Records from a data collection

* * *

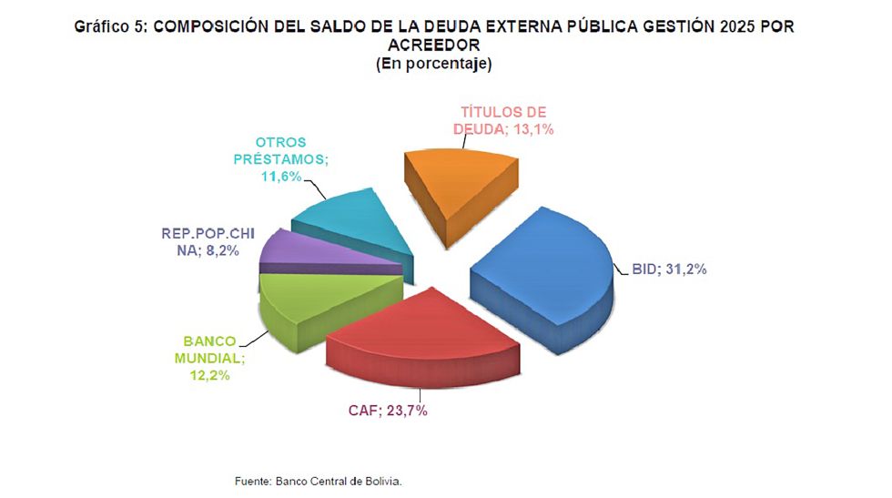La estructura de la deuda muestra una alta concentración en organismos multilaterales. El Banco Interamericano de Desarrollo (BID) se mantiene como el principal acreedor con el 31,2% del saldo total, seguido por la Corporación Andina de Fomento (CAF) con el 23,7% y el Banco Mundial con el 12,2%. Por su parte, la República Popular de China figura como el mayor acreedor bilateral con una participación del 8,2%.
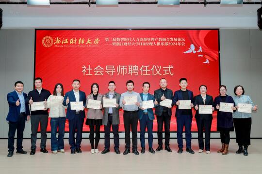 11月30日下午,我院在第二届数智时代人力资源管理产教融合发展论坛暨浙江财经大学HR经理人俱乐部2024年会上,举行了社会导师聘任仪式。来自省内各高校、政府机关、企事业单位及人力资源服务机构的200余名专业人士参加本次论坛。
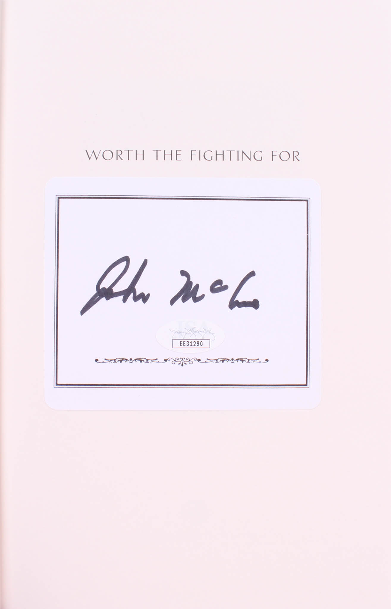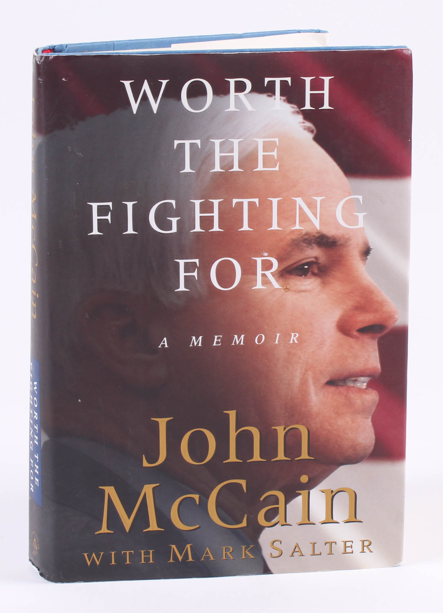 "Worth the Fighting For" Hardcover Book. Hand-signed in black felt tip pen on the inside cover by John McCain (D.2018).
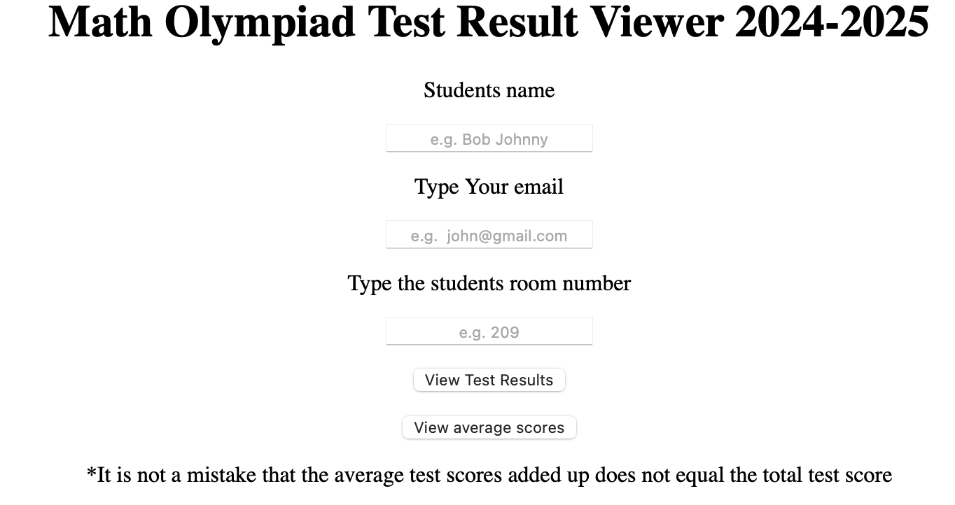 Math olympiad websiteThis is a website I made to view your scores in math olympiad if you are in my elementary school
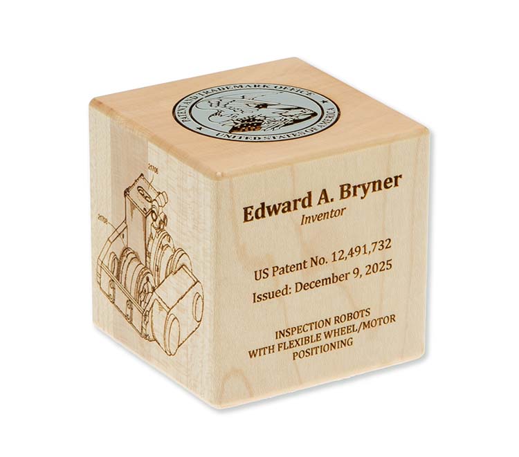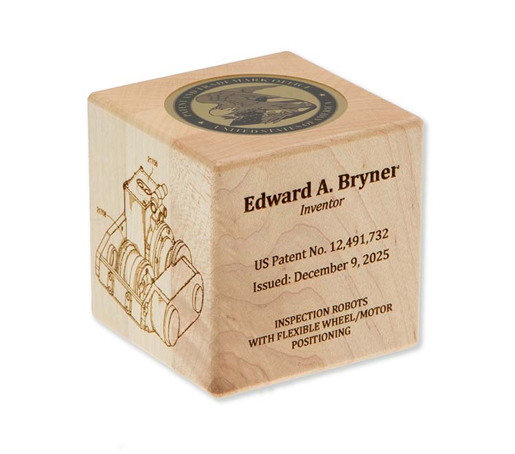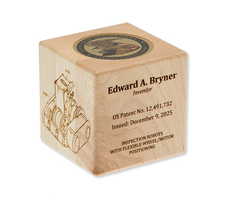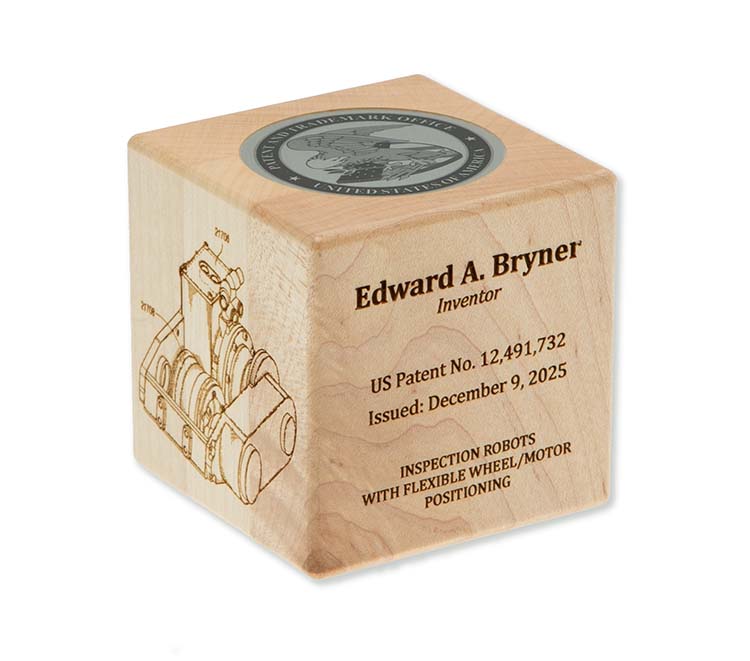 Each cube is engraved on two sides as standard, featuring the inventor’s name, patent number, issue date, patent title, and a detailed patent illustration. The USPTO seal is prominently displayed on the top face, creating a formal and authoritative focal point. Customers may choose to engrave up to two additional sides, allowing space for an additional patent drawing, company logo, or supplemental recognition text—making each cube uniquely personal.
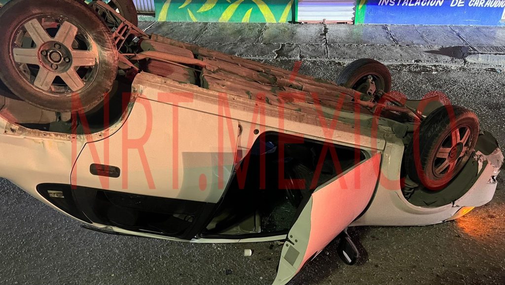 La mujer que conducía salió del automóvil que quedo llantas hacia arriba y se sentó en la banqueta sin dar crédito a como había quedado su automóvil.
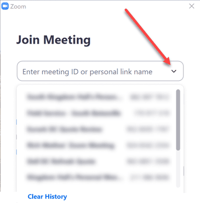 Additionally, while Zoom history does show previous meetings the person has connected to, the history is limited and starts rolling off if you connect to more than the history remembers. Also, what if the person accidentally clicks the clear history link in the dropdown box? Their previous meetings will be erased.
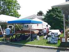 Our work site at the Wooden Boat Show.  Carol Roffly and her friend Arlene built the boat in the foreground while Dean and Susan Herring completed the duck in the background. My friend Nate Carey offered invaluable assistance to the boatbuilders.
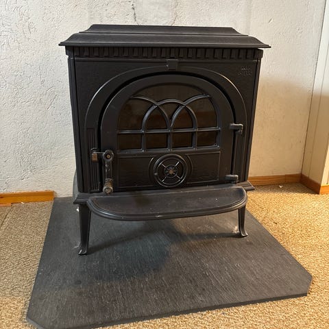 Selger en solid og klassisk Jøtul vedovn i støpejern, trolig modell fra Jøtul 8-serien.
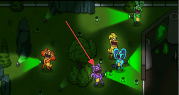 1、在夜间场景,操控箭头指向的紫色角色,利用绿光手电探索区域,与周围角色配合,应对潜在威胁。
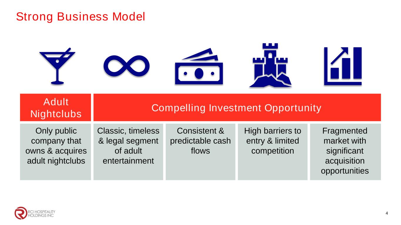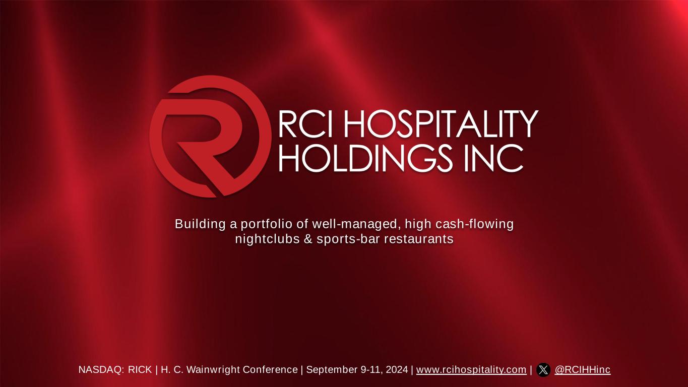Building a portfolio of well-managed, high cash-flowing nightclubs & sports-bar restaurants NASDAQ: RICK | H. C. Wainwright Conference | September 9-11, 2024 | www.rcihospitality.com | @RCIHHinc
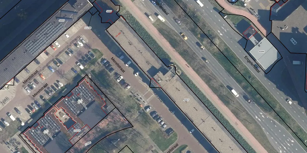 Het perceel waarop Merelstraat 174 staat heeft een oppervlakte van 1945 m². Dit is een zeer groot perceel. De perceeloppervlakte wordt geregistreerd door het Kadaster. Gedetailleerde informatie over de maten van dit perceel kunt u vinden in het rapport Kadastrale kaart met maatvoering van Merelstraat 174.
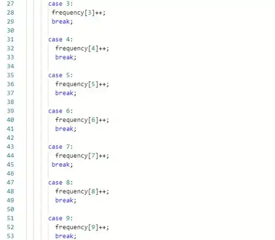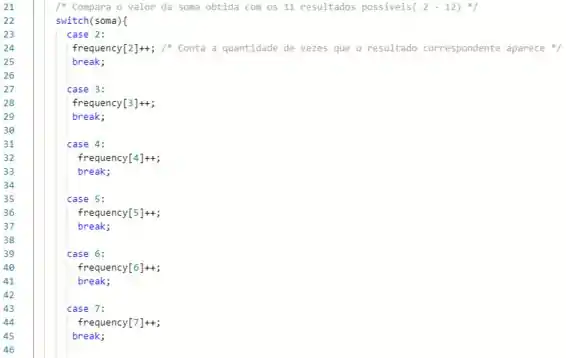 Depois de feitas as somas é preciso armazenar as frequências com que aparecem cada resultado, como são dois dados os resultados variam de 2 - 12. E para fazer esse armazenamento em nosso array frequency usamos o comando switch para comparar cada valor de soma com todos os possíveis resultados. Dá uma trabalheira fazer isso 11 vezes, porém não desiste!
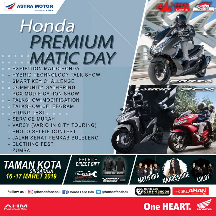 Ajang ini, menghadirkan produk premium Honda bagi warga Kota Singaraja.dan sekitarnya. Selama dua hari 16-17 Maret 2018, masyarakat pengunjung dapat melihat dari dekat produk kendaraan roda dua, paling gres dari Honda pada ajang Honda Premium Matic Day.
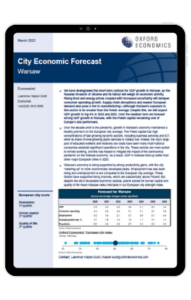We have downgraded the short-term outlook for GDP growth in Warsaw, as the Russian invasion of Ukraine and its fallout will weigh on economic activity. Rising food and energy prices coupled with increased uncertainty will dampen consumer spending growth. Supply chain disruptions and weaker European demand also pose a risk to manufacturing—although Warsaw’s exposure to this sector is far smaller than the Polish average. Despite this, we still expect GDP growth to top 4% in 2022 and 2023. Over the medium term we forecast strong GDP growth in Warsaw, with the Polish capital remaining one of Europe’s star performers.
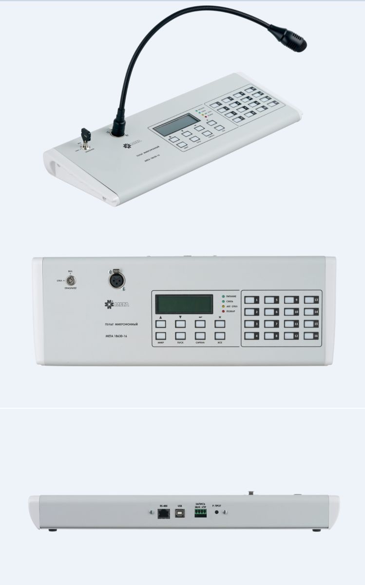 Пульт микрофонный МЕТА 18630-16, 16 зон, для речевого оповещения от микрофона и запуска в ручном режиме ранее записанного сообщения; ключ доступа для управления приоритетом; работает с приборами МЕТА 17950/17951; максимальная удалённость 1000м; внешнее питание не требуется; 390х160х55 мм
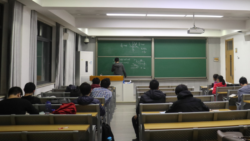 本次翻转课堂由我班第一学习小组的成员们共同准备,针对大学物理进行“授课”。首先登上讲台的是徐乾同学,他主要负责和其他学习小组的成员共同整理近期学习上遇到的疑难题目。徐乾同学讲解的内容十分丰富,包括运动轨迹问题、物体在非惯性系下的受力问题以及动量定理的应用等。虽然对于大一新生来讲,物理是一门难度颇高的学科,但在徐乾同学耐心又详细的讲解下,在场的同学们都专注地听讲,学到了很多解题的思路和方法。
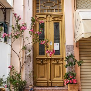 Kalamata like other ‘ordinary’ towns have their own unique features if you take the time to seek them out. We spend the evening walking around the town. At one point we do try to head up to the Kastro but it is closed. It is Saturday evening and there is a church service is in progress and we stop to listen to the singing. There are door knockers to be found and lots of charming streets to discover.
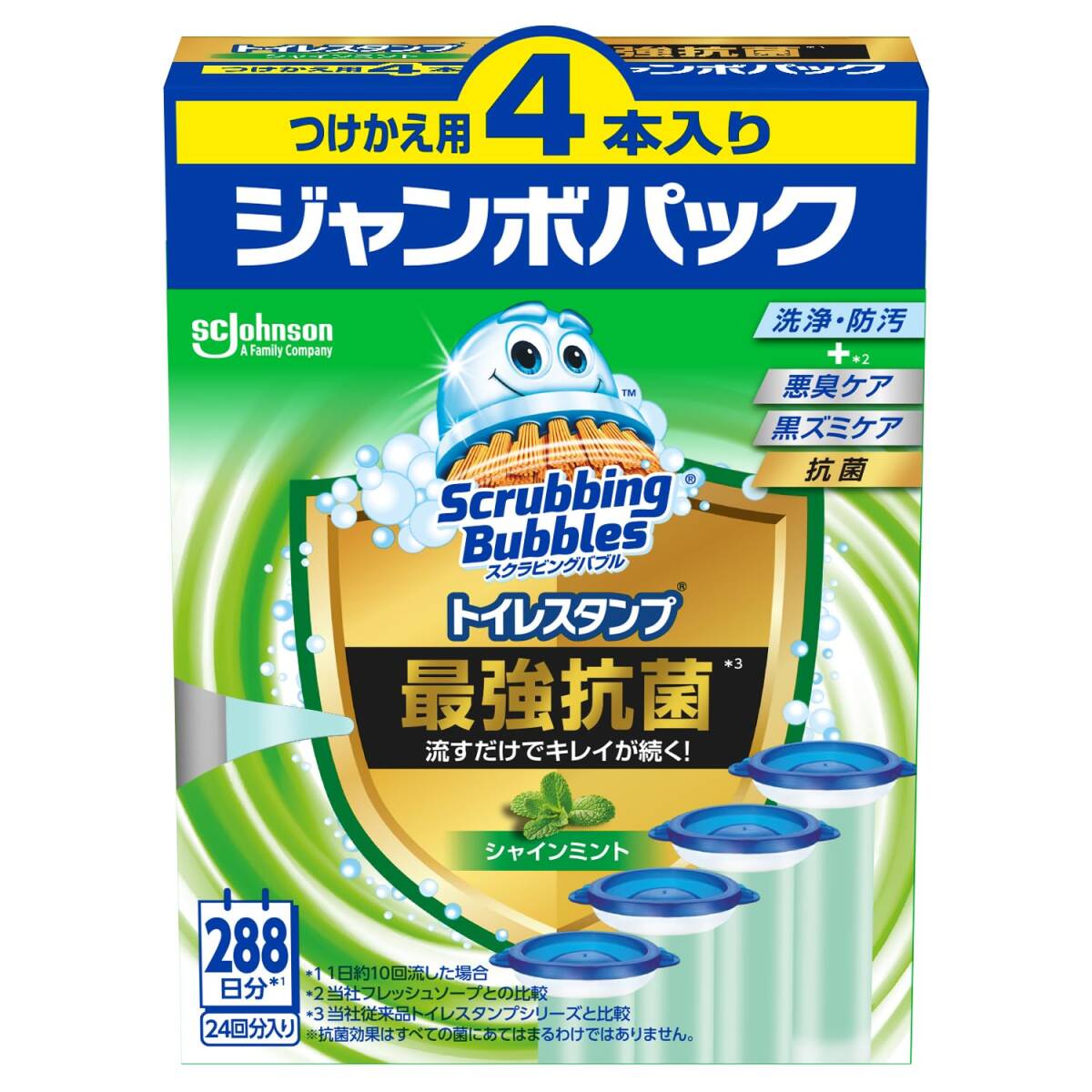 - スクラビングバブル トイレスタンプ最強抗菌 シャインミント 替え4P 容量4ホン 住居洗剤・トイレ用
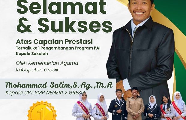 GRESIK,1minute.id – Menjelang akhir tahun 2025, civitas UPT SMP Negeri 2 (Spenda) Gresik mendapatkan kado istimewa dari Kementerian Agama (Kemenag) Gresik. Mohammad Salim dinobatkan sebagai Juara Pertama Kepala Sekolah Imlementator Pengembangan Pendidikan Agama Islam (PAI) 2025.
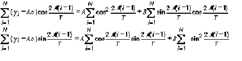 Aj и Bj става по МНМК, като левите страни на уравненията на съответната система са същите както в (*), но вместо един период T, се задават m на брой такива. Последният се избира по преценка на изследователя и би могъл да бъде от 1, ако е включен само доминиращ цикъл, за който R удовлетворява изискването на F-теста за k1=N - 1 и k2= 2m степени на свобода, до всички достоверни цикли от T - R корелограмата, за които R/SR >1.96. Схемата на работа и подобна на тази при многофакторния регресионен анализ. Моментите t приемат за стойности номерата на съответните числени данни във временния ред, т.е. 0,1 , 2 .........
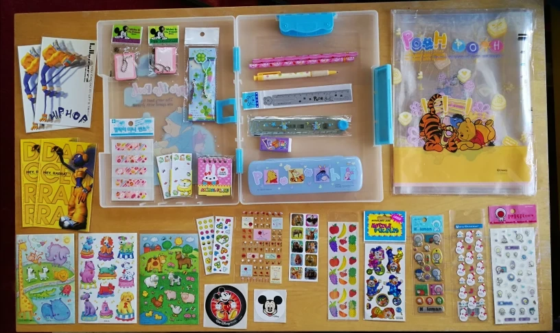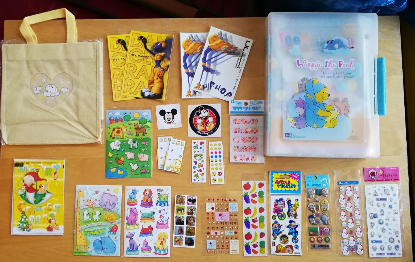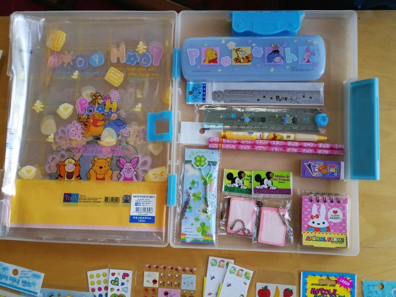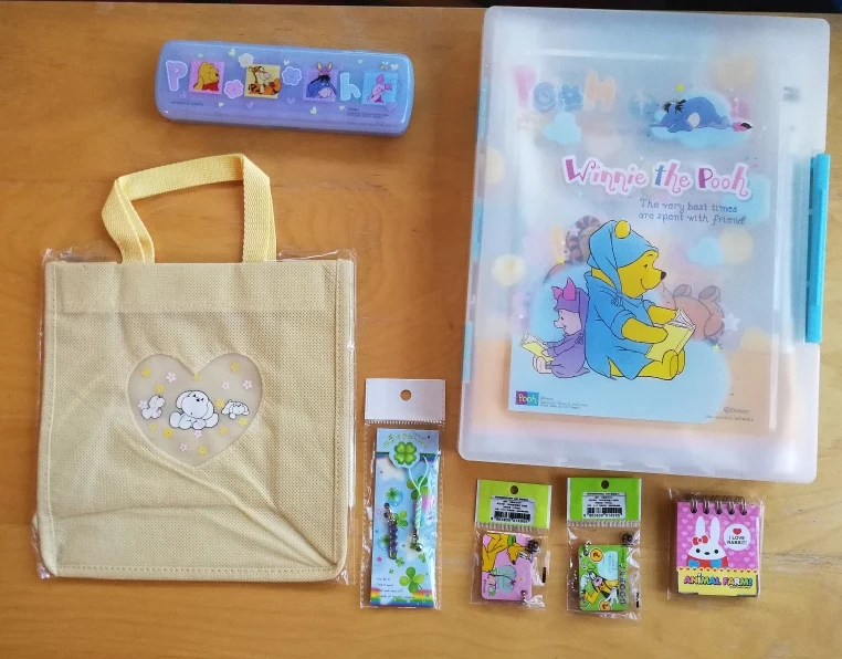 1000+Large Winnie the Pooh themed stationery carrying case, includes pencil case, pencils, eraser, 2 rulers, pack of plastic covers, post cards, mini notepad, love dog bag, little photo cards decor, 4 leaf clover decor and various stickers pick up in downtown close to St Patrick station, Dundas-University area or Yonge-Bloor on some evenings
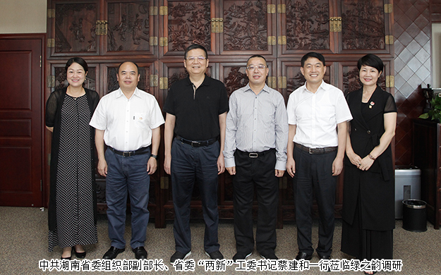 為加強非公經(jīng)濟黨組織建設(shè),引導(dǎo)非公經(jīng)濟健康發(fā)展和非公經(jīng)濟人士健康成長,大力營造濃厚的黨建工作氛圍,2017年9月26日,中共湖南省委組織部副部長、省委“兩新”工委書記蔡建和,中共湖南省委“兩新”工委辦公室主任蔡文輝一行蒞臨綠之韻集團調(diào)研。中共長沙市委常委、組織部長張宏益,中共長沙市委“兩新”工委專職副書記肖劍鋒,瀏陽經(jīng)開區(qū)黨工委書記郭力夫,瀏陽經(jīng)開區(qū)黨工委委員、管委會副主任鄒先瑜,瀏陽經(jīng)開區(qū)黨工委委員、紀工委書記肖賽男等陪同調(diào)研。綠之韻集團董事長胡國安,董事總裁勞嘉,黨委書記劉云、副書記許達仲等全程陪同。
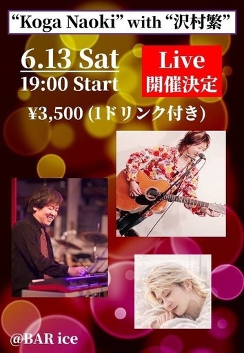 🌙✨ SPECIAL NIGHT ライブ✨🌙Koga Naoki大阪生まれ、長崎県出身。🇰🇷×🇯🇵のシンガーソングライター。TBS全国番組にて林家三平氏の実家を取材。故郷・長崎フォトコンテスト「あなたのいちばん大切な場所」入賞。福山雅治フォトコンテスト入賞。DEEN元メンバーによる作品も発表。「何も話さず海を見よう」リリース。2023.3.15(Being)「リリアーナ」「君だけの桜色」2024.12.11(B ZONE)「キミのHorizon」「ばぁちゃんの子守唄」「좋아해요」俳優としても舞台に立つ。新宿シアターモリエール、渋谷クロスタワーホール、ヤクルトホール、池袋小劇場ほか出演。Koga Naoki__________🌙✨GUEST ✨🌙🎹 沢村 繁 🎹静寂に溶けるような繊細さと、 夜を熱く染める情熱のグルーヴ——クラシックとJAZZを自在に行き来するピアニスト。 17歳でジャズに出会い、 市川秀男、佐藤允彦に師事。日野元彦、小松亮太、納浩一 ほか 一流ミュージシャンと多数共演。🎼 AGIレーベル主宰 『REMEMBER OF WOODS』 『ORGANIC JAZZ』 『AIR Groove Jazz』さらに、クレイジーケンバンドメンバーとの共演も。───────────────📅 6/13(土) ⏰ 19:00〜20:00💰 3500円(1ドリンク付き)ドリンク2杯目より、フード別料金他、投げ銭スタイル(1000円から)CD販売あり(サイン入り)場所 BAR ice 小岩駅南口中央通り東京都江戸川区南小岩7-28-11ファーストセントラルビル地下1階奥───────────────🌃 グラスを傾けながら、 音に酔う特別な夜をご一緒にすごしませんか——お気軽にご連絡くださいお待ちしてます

* * *

Given the entries above, transcribe exactly the lines from the one holding "Het perceel waarop" through the one holding "We have downgraded"; pictures do not belong in the transcription.

 Het perceel waarop Merelstraat 174 staat heeft een oppervlakte van 1945 m². Dit is een zeer groot perceel. De perceeloppervlakte wordt geregistreerd door het Kadaster. Gedetailleerde informatie over de maten van dit perceel kunt u vinden in het rapport Kadastrale kaart met maatvoering van Merelstraat 174.
 Depois de feitas as somas é preciso armazenar as frequências com que aparecem cada resultado, como são dois dados os resultados variam de 2 - 12. E para fazer esse armazenamento em nosso array frequency usamos o comando switch para comparar cada valor de soma com todos os possíveis resultados. Dá uma trabalheira fazer isso 11 vezes, porém não desiste!
 Ajang ini, menghadirkan produk premium Honda bagi warga Kota Singaraja.dan sekitarnya. Selama dua hari 16-17 Maret 2018, masyarakat pengunjung dapat melihat dari dekat produk kendaraan roda dua, paling gres dari Honda pada ajang Honda Premium Matic Day.
We have downgraded the short-term outlook for GDP growth in Warsaw, as the Russian invasion of Ukraine and its fallout will weigh on economic activity. Rising food and energy prices coupled with increased uncertainty will dampen consumer spending growth. Supply chain disruptions and weaker European demand also pose a risk to manufacturing—although Warsaw’s exposure to this sector is far smaller than the Polish average. Despite this, we still expect GDP growth to top 4% in 2022 and 2023. Over the medium term we forecast strong GDP growth in Warsaw, with the Polish capital remaining one of Europe’s star performers.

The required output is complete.